**Problem:** The data below should be restated word for word, with every picture omitted.

**Data:**
┌──

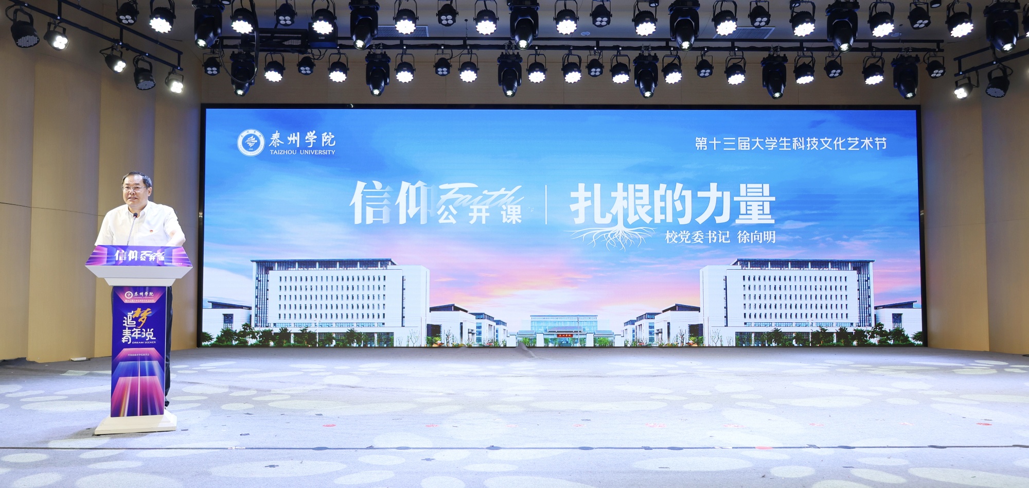校党委书记徐向明以“扎根的力量”为主题讲授信仰公开课,从历史、现实、未来三个维度阐释泰院人扎根力量的积聚路径。他指出,泰院84年办学史中,“为国家和民族之需办学”的理念指明了扎根方向,一代代泰院人取得的跨越式发展成果铸牢了信仰根基。立足现实,他强调双向延伸“根系”:以硕士点申建、高质量迎考等筑牢“主根”,提升硬实力;整合校内外资源织密“须根”,增强软实力。面向未来,他提出培植“根芽”应对时代挑战,通过“根”的稳固与“芽”的突破孕育“第二曲线”,为2035、2050远景积蓄动能。“历史根脉是信仰根基,现实根系是行动路径,未来根芽是创新动能。”徐向明号召师生以史为基、以实为径、以新为向,凝聚扎根力量共谱泰院发展新篇。
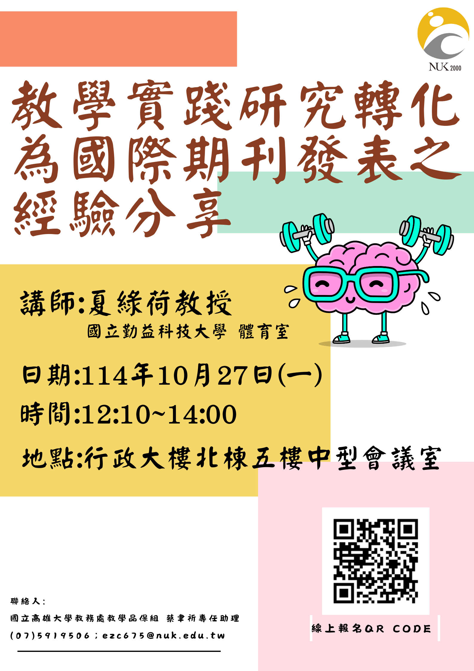 1、主題:《教學實踐研究轉化為國際期刊發表之經驗分享》。
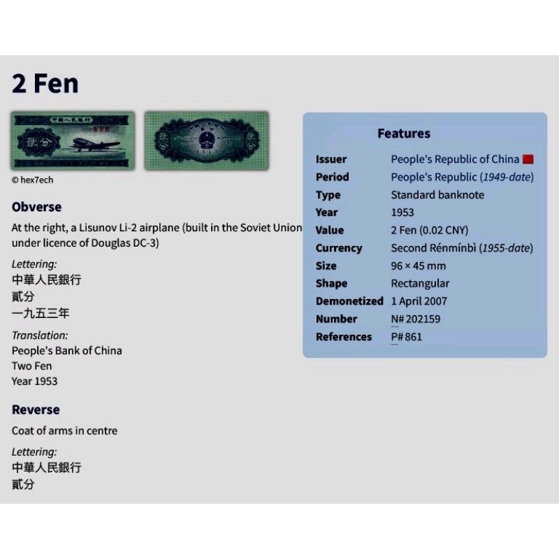 แบงก์ประเทศจีน China, 2 Fen, B726T, ไม่ผ่านใช้ UNC

└──

**Answer to this exercise:**
校党委书记徐向明以“扎根的力量”为主题讲授信仰公开课,从历史、现实、未来三个维度阐释泰院人扎根力量的积聚路径。他指出,泰院84年办学史中,“为国家和民族之需办学”的理念指明了扎根方向,一代代泰院人取得的跨越式发展成果铸牢了信仰根基。立足现实,他强调双向延伸“根系”:以硕士点申建、高质量迎考等筑牢“主根”,提升硬实力;整合校内外资源织密“须根”,增强软实力。面向未来,他提出培植“根芽”应对时代挑战,通过“根”的稳固与“芽”的突破孕育“第二曲线”,为2035、2050远景积蓄动能。“历史根脉是信仰根基,现实根系是行动路径,未来根芽是创新动能。”徐向明号召师生以史为基、以实为径、以新为向,凝聚扎根力量共谱泰院发展新篇。
 1、主題:《教學實踐研究轉化為國際期刊發表之經驗分享》。
 แบงก์ประเทศจีน China, 2 Fen, B726T, ไม่ผ่านใช้ UNC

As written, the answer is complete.